Technically this is not a refereed publication (yet), but I thought it would be nice to have a little space for the function at the centre of my master’s thesis. It deals with the Bayesian estimation of the polychoric correlation coefficient both under bivariate normal and non-normal data. It is based on this article written by James H Albert. I was a little bit surprised that such a useful article hadn’t really got a lot of citations, so I wanted to highlight his work by implementing it into R. In my code, I figured out how to deal with both right-skewed and left-skewed latent data (Albert’s article only handles right-skewed data) and it has proven to be very useful for handling difficult datasets, such as when one is dealing with low-count or zero-count cells in contingency tables.
The main function is called polycorGibbs()
because it is based of a Gibbs sampler.
And the way it works is super easy:
library(MASS)
Q <- mvrnorm(100, c(0,0), matrix(c(1,.5,.5,1),2,2))
x <- Q[,1]
y <- Q[,2]
##Make sure you declare these as "integer", not "numeric" or "float"
xb <- as.integer(cut(y, breaks=c(-Inf, mean(y)-sd(y),mean(y)+sd(y), Inf), labels=c(1:3)))

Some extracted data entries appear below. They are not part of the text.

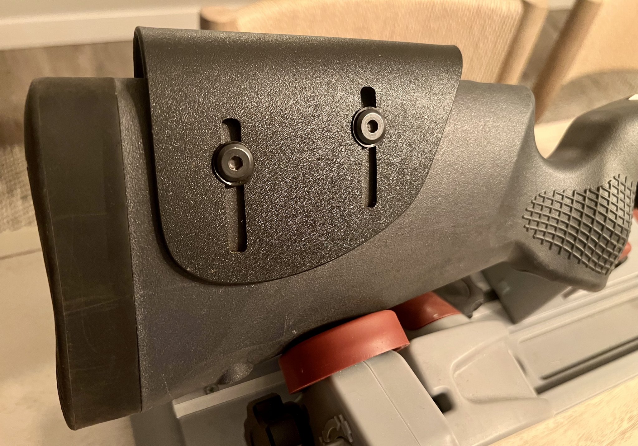 Stainless barrel, grey carbon composite stock, Seekins muzzle brake, thread protector, and adjustable kydex cheek rest (which is amazing, by the way).
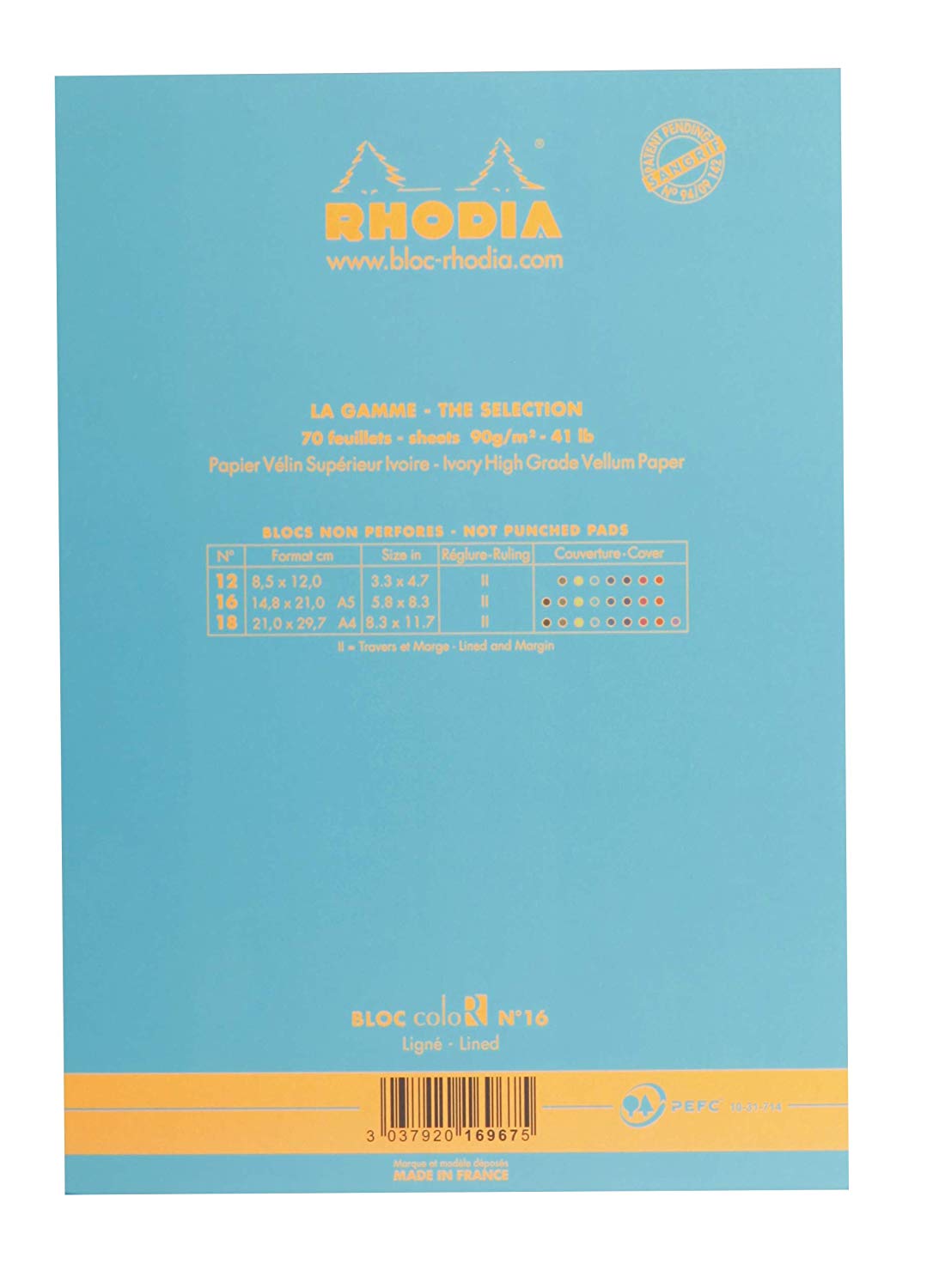 BLOC NOTES 14.8*21CM 70F 90GR TURCOAZ RHODIA COLOR PAD 16967C
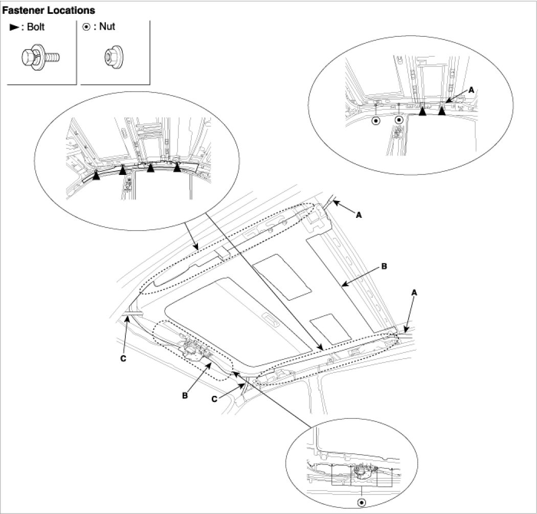 4. After loosening the mounting bolts and nuts, remove the sunroof assembly (B).

yb <- as.integer(cut(y, breaks=c(-Inf, mean(y)-sd(y),mean(y)+sd(y), Inf), labels=c(1:3)))
plyk <- polycorGibbs(xb, yb, iter = 1e4, trace=FALSE, graph=FALSE)
Summary
mean median SD Numeric SD
rho 0.481 0.487 0.00109 0.0282
c1 -1.070 -1.070 0.00885 0.1530
c2 1.020 1.020 0.01190 0.1500
d1 -1.070 -1.060 0.01090 0.1550
d2 1.010 1.010 0.01090 0.1520
Correlation
rho c1 c2 d1 d2
rho NA 0.00163 -0.0384 -0.0153 -0.0323
c1 NA NA 0.2100 0.5080 0.2260
c2 NA NA NA 0.2330 0.5220
d1 NA NA NA NA 0.2220
d2 NA NA NA NA NA
I offer some extra functionalities like plotting the time series plot for the Markov Chain and other ways to check how well everything converged and whatnot.
Overall, the function is a tad bit finicky. But then again this was my first “major” project and I pretty much had to teach myself Bayesian statistics and MCMC from scratch to get it to work, which is why I am very proud of it. But it will get better in time.